Both the line below containing "Tufted Upholstered Accent" and the line containing "One or more", along with every line between them, should be repeated exactly; no other line belongs in the answer.

Available records ->

---

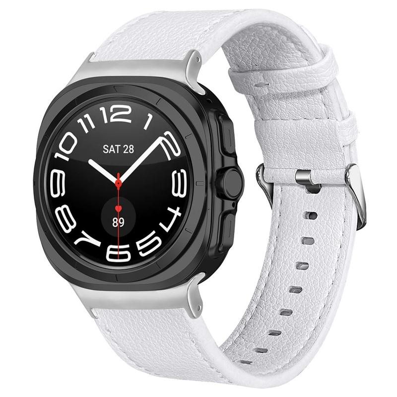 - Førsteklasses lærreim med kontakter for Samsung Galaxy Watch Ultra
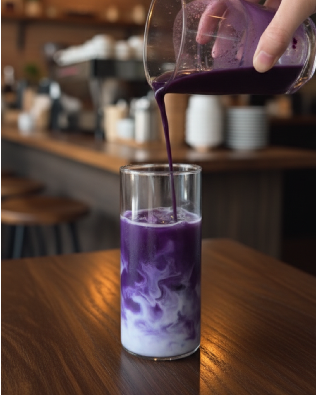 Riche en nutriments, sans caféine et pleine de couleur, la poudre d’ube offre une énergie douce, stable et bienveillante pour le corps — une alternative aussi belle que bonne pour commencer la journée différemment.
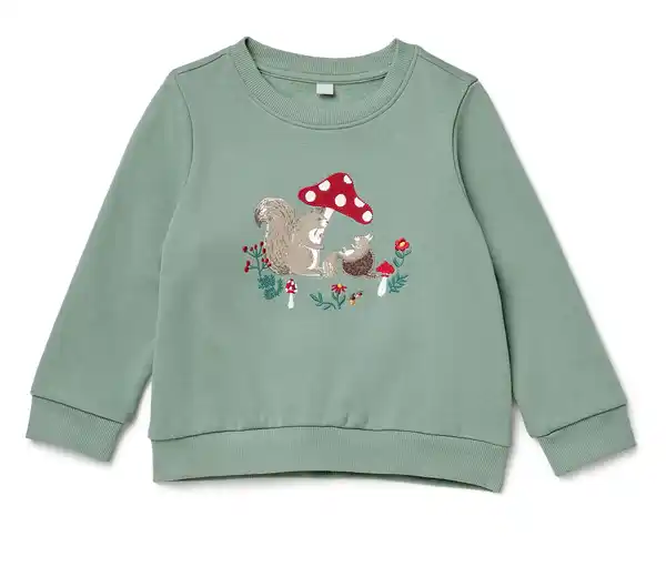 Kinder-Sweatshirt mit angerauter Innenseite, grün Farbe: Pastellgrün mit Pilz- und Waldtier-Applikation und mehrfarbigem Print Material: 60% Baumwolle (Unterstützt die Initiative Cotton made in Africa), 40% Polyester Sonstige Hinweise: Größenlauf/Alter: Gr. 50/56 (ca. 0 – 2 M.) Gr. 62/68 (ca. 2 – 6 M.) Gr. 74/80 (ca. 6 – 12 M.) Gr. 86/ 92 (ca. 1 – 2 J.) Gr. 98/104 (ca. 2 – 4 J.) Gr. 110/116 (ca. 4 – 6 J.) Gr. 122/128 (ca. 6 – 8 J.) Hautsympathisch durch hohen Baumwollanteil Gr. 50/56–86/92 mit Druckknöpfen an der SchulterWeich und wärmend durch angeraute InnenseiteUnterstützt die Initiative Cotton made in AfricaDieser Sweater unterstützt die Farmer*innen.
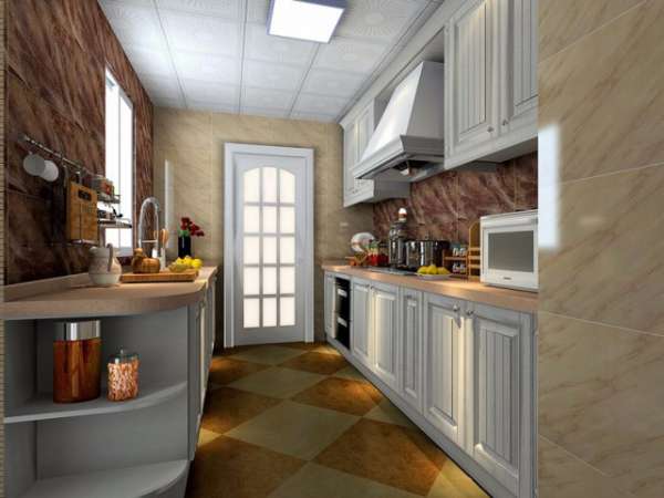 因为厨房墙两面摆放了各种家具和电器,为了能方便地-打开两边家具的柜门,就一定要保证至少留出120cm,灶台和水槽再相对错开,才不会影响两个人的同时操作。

---

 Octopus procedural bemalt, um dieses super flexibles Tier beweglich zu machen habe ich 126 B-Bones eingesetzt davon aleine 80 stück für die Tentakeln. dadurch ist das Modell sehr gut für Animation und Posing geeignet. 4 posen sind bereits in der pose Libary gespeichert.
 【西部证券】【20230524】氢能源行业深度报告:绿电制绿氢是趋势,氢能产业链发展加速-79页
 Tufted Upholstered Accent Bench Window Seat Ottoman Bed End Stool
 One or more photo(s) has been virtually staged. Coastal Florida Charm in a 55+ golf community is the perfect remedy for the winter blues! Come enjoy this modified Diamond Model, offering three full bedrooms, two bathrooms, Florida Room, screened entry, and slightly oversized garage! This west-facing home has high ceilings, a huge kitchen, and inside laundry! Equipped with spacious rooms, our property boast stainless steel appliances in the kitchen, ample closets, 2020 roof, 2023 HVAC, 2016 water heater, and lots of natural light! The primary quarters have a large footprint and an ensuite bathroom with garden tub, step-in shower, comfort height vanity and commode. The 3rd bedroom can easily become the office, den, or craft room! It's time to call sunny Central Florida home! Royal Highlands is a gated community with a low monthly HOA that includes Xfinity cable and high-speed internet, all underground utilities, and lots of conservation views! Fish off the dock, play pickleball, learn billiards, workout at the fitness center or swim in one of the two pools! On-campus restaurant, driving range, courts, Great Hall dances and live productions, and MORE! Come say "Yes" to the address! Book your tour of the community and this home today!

---

Response to the exercise ->
 Tufted Upholstered Accent Bench Window Seat Ottoman Bed End Stool
 One or more photo(s) has been virtually staged. Coastal Florida Charm in a 55+ golf community is the perfect remedy for the winter blues! Come enjoy this modified Diamond Model, offering three full bedrooms, two bathrooms, Florida Room, screened entry, and slightly oversized garage! This west-facing home has high ceilings, a huge kitchen, and inside laundry! Equipped with spacious rooms, our property boast stainless steel appliances in the kitchen, ample closets, 2020 roof, 2023 HVAC, 2016 water heater, and lots of natural light! The primary quarters have a large footprint and an ensuite bathroom with garden tub, step-in shower, comfort height vanity and commode. The 3rd bedroom can easily become the office, den, or craft room! It's time to call sunny Central Florida home! Royal Highlands is a gated community with a low monthly HOA that includes Xfinity cable and high-speed internet, all underground utilities, and lots of conservation views! Fish off the dock, play pickleball, learn billiards, workout at the fitness center or swim in one of the two pools! On-campus restaurant, driving range, courts, Great Hall dances and live productions, and MORE! Come say "Yes" to the address! Book your tour of the community and this home today!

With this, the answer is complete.